JEAN BAUDRILLARD




LA NARRATIVA TEORICA E LE ILLUSIONI DELLA STORIA



Baudrillard sviluppò ciò che definì la “narrativa teorica”, o “teoria di simulazione”, o “teoria anticipatoria”. Tale ‘teoria’ intendeva simulare, cogliere e anticipare gli eventi storici, che egli riteneva precedessero sempre di molto ogni teoria contemporanea. Secondo lui, la situazione presente era più fantastica della fantascienza, o delle proiezioni teoriche di una società futurista. Nel saggio Rovine anoressiche pubblicato nel 1989, considerò il muro di Berlino come un segno di una storia congelata, anoressica, in cui nulla poteva più accadere, segnata da una “mancanza di eventi” e dalla fine della storia stessa; in questo contesto, il muro di Berlino era un segno di una stasi tra comunismo e capitalismo.
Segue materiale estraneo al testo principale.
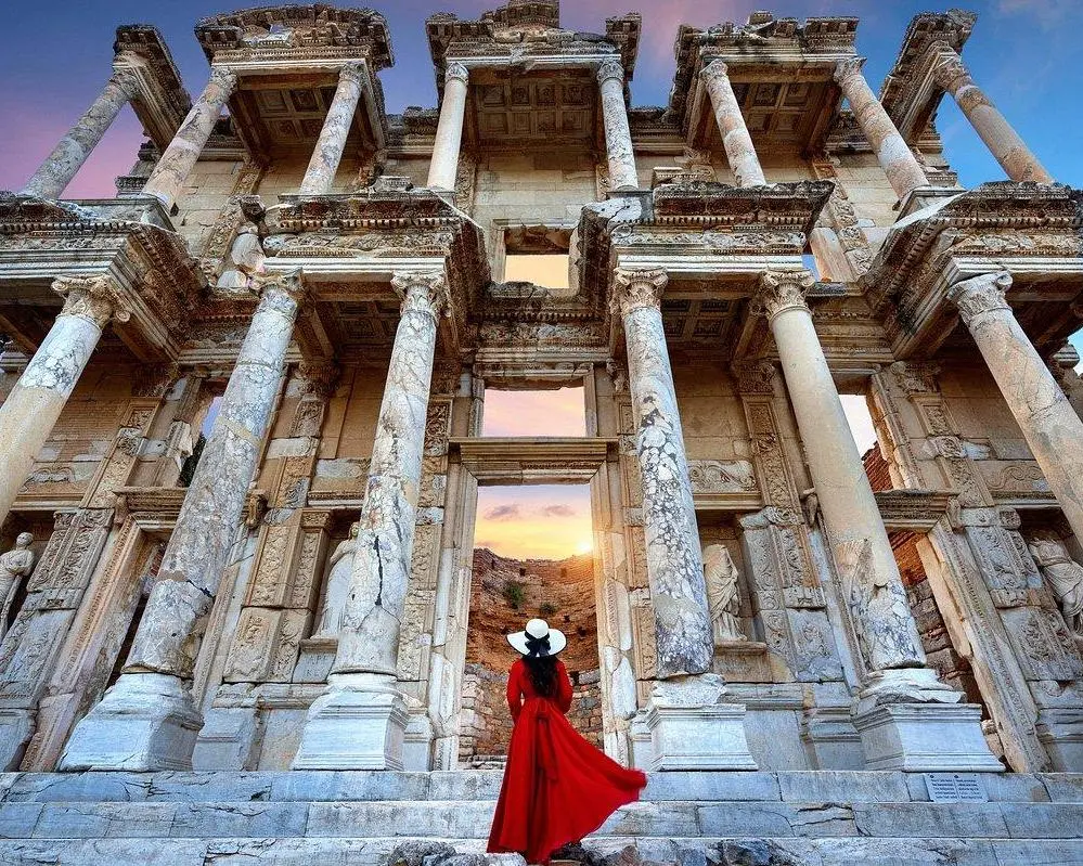 Breakfast at the hotel. Departure in the morning to Ephesus, Greco-Roman city, ancient capital of Asia Minor and one of the best preserved of antiquity, where the Temple of Hadrian, Temple of Trajan, the theater and the Library of Celsus are located. Visit to the House of the Virgin Mary, where he spent the last years of his life. Next, we will visit a leather goods gallery where we will learn about the famous production of lambskin garments of this region, at the end of the afternoon we continue to Kusadasi/or Izmir. Dinner at the hotel and overnight. (During the summer months of May -October the accommodation could be Izmir and its surroundings instead of Kusadasi)

Poco dopo, eventi piuttosto significativi distrussero quel muro che Baudrillard vedeva come permanente e inaugurarono una nuova epoca storica.

Lo stallo della Guerra Fredda rafforzò per molto tempo in Baudrillard l’idea che si stesse stabilendo una “storia congelata” in cui nessun cambio significativo potesse avere luogo. Già nelle sue riflessioni della metà degli anni Settanta, egli affermò che la guerra del Vietnam fosse un pretesto per incorporare la Cina, la Russia e alla fine anche il Vietnam in un mondo economico e in un ordine politico più razionalizzati e modernizzati, e nel suo libro sulla guerra del Golfo ribadì questa convinzione. Per Baudrillard, anche le torri gemelle del World Trade Center di New York simbolizzavano la storia congelata e la stasi tra i due sistemi del capitalismo e del comunismo. In generale, egli vedeva la storia come lo sviluppo della razionalità tecnologica, la quale si trasformava nel suo opposto, mentre il sistema incorporava sempre più elementi, producendo un ordine tecnologico migliore, che in seguito diventava irrazionale a causa dei suoi eccessi, delle sue illusioni e delle sue conseguenze imprevedibili. Questa analisi altamente astratta, tuttavia, occludeva fattori storici più specifici che sarebbero stati utili per analizzare come fosse costruita e come funzionasse la razionalità tecnologica, e come e perché essa non riuscisse nel suo intento. L’analisi trattava anche del tumulto creato da fenomeni come le crisi e le ristrutturazioni del capitalismo globale, l’ascesa del fondamentalismo, il conflitto etnico e il terrorismo globale che, in parte, si erano sprigionati in quanto reazione a una razionalizzazione globalizzata del sistema di mercato e allo smantellamento dell’ordine bipolare del mondo.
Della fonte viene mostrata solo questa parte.